Whether or not the Federal Reserve determines that novel charter types and novel institutions are technically “eligible” to apply for a Federal Reserve Master Account or for access to Reserve Bank services, none of the 12 Reserve Banks is required to provide such accounts and services. There are strong considerations both with respect to risk to the system and policy concerns that must be considered before the Federal Reserve permits these institutions to access the system.  The Federal Reserve has taken an important first step in proposing a set of the standards that must be met before an institution is permitted to open a master account or access Reserve Bank services.  The continued safety and integrity of the payment and financial system depends on careful examination of these institutions to ensure they meet those standards, and the Reserve Banks should not compromise on those standards.


[1] 86 Fed. Reg. 25865 (May 11, 2021).

[2] “[The] Board is considering whether it may in the future be useful to clarify the interpretation of legal eligibility under the Federal Reserve Act for a Federal Reserve account and services.” 86 Fed. Reg. at 25866.

[3] Federal Reserve Banks Operating Circular 1, Effective February 1, 2013, available at https://www.frbservices.org/assets/resources/rules-regulations/020113-operating-circular-1.pdf.

[4] 12 U.S.C. § 342.

[5] “Member banks” are those that are members of the Federal Reserve System and includes both state-chartered institutions that elect to become members and national banks.

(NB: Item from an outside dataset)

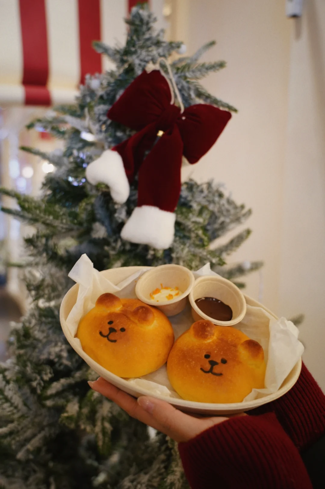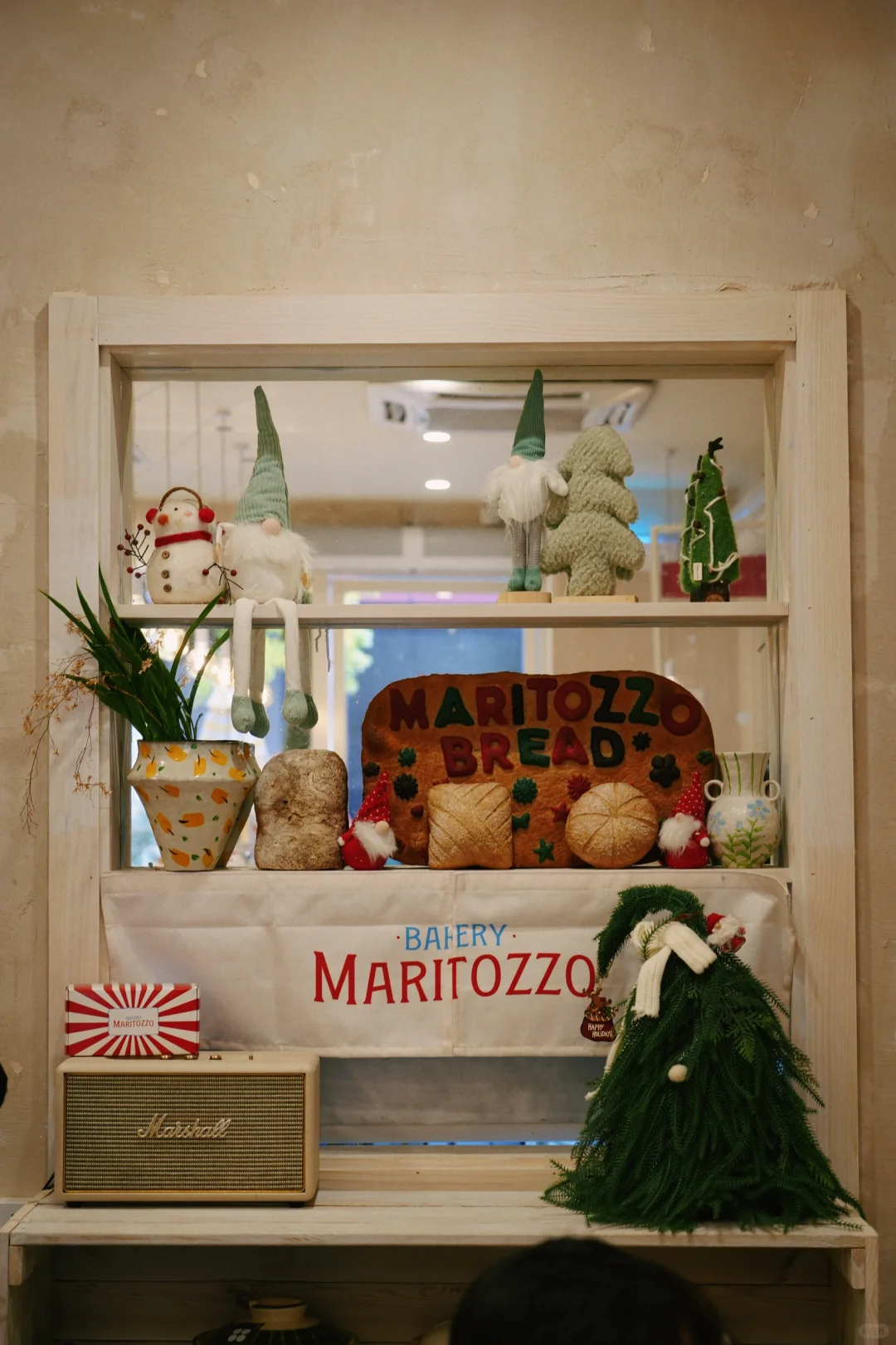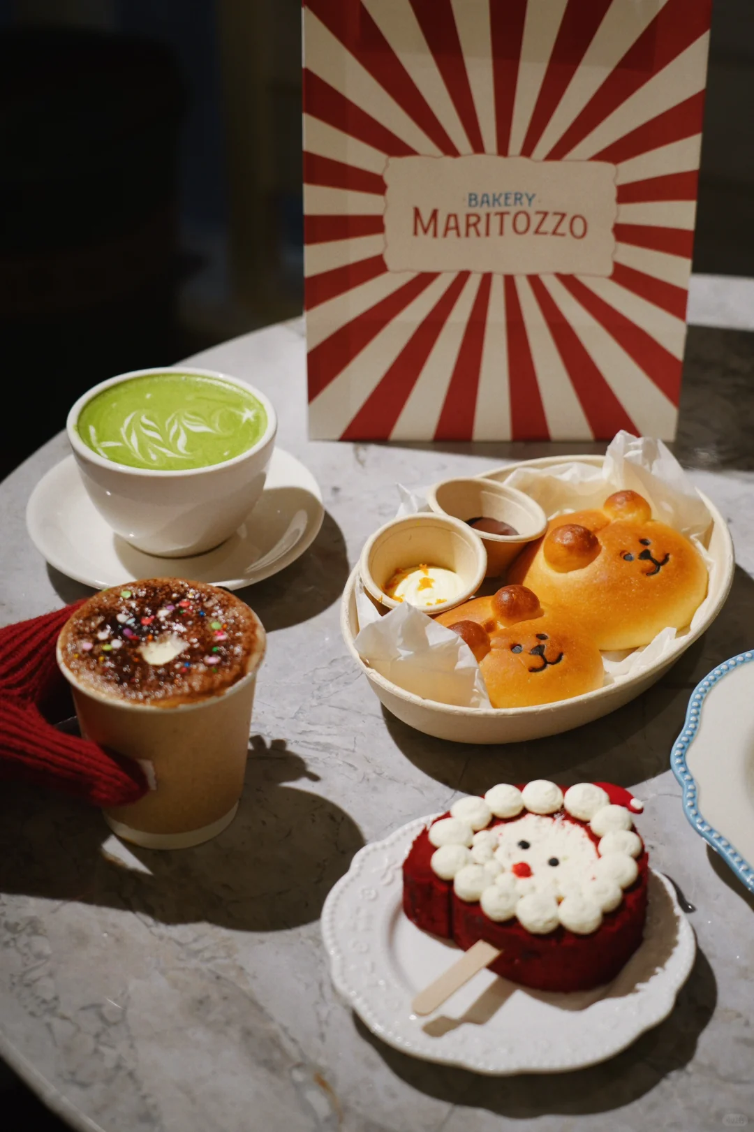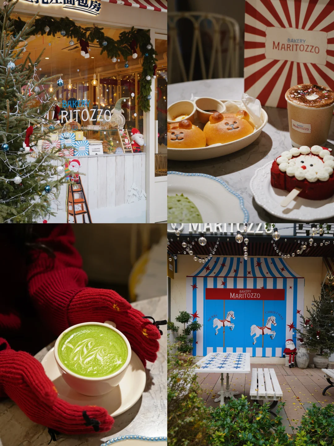 马里托左确实好拍,本身的装修风格就是纯白色系碰撞彩色色块,加上了各类的圣诞元素,感觉下了雪会更好看。上了圣诞的限定品,圣诞树抹茶拿铁、甜甜圈可可,暖呼呼的很适合冬天。小熊面包配的橙子乳酪很清爽;圣诞树的内馅儿是莓果酱乳酪,够酸我还挺喜欢的;瑞士卷是圣诞老人造型,很应景。

[6] Depository Institution Deregulation and Monetary Control Act, section 105(a), PL 96-221, 94 Stat. 132, 139-140.

[7] 12 U.S.C. § 461(b)(1)(A).

[8] 12 U.S.C. § 1815(a).

[9] 12 CFR 303.14(a).

[10] The first novel charter is the Special Purpose National Bank charter for FinTech companies, which would permit these companies to engage in lending and payments, but not accept deposits. The OCC has not chartered any companies under the special purpose national bank charter, largely because the OCC’s authority to issue the SPNB charter has been tied up in litigation in federal court for the past five years.  Recently the U.S. Court of Appeals for the Second Circuit ruled that any legal challenges to the SPNB charter aren’t ripe because the OCC hasn’t approved any such charters. The Second Circuit dismissed the claims on procedural grounds without prejudice to the underlying merits of the challenge.  See Lacewell v Office of the Comptroller of the Currency, No. 19-4271 (2d Cir. Jun. 3, 2021). The second novel charter is a national payments bank charter, which would permit companies to engage in payments, but not deposit-taking or lending.  For a description of this charter, see https://bankingjournal.aba.com/2020/06/podcast-occs-brooks-plans-to-unveil-payments-charter-1-0-this-fall/.

[11] The Federal Reserve Act does not directly contemplate eligibility for any kind of non-depository institutions, as these OCC institutions would be. Moreover, they wouldn’t appear to qualify as commercial banks, mutual savings banks, federal savings banks, savings and loan associations, credit unions, a U.S. branch or agency of a foreign bank or an Edge or agreement corporation. 

[12] The Federal Reserve Act requires that national banks be members of the Federal Reserve System.  See 12 U.S.C. § 222.

[13] 12 U.S.C. § 221.

[14] 12 U.S.C. § 221.

[15] TNB USA Inc. v Federal Reserve Bank of New York, Memorandum of Law in Support of Defendant Federal Reserve Bank of New York’s Motion to Dismiss, U.S. District Court, Southern District of New York, Civ. No. 18 Civ. 7978, Mar 8, 2019.

[16] 86 Fed. Reg. 25865, 25867 (May 11, 2021).